Studio album by Jay and The Americans
- Released: February 28, 1970
- Recorded: A&R Studios, New York City
- Genre: Pop
- Label: United Artists
- Producer: Jay and the Americans, Thomas Kaye

Jay and The Americans chronology
| Sands of Time (1969) | Wax Museum (1970) | Wax Museum, Vol. 2 (1970) |

Singles from Wax Museum, Vol. 1
- "Walking in the Rain" Released: November 1969;

= Wax Museum (Jay and the Americans album) =

Wax Museum is the eighth studio album by Jay and the Americans released on February 28, 1970. The album went to #105 on the Billboard 200 chart, reached #68 on the Cashbox chart, and #71 in Canada.
The album was the group's last charting album.
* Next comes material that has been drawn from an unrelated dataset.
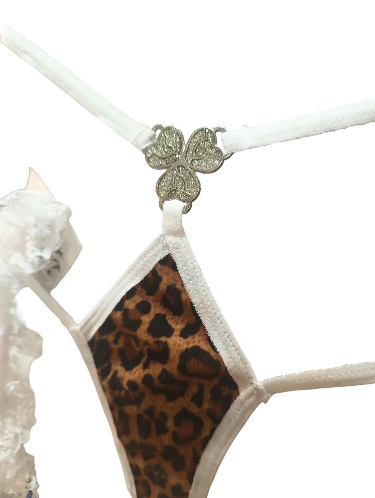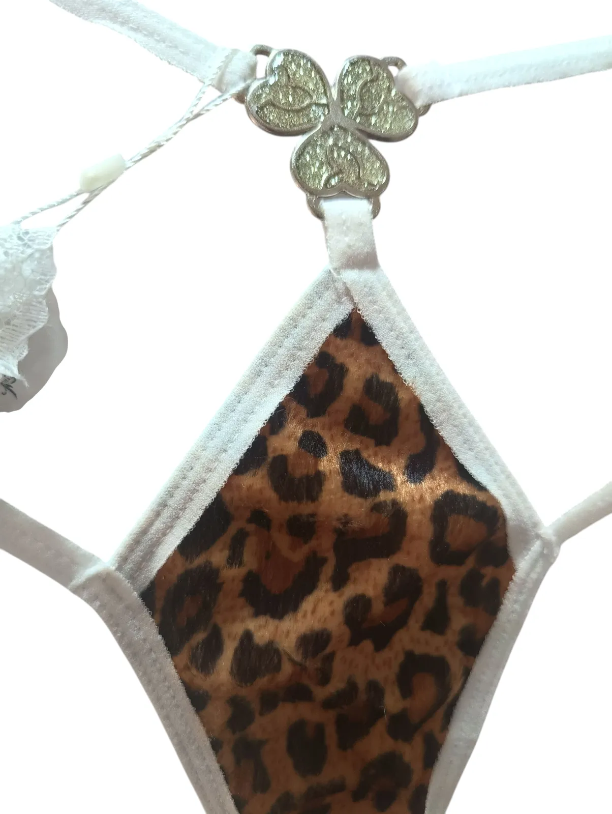 Calcinha Oncinha Peluciada C/ Persex Tam. M é a combinação perfeita de sensualidade e conforto. Com uma estampa de oncinha irresistível e um detalhamento em branco, essa calcinha fio dental é adornada com um elegante pingente em formato de trevo de três folhas, garantindo um toque especial. Ideal para ocasiões especiais ou para se sentir confiante no dia a dia. Adicione um toque de glamour ao seu guarda-roupa e sinta-se maravilhosa! Material: Veludo e renda Tamanho: M Estilo: Fio dental Detalhes: Estampa de oncinha e pingente Acompanha Persex.

The group's cover of The Ronettes' song "Walkin' in the Rain" hit #19 on the Billboard Hot 100 in 1970, and #17 in Canada.

Professional ratings
Review scores
| Source | Rating |
| Allmusic |  |

== Track listing ==
1. "Walkin' in the Rain" (Barry Mann, Phil Spector, Cynthia Weil)
2. "Do I Love You?" (Peter Andreoli, Vini Poncia, Phil Spector)
3. "Johnny B. Goode" (Chuck Berry)
4. "Message to Martha (Kentucky Bluebird)" (Burt Bacharach, Hal David)
5. "Room Full of Tears" (Doc Pomus, Mort Shuman)
6. "A Lover's Question" (Brook Benton, Jimmy T. Williams)
7. "Some Kind of Wonderful" (Gerry Goffin, Carole King)
8. "This Is My Love" (Billy Dawn Smith)
9. "Let It Be Me" (Gilbert Bécaud, Mann Curtis, Pierre Delanoë)
10. "I Don't Want to Cry" (Luther Dixon, Chuck Jackson)
11. "You Were on My Mind" (Sylvia Fricker)
12. "Lonely Teardrops" (Berry Gordy, Jr., Gwendolyn Gordy, Roquel "Billy" Davis)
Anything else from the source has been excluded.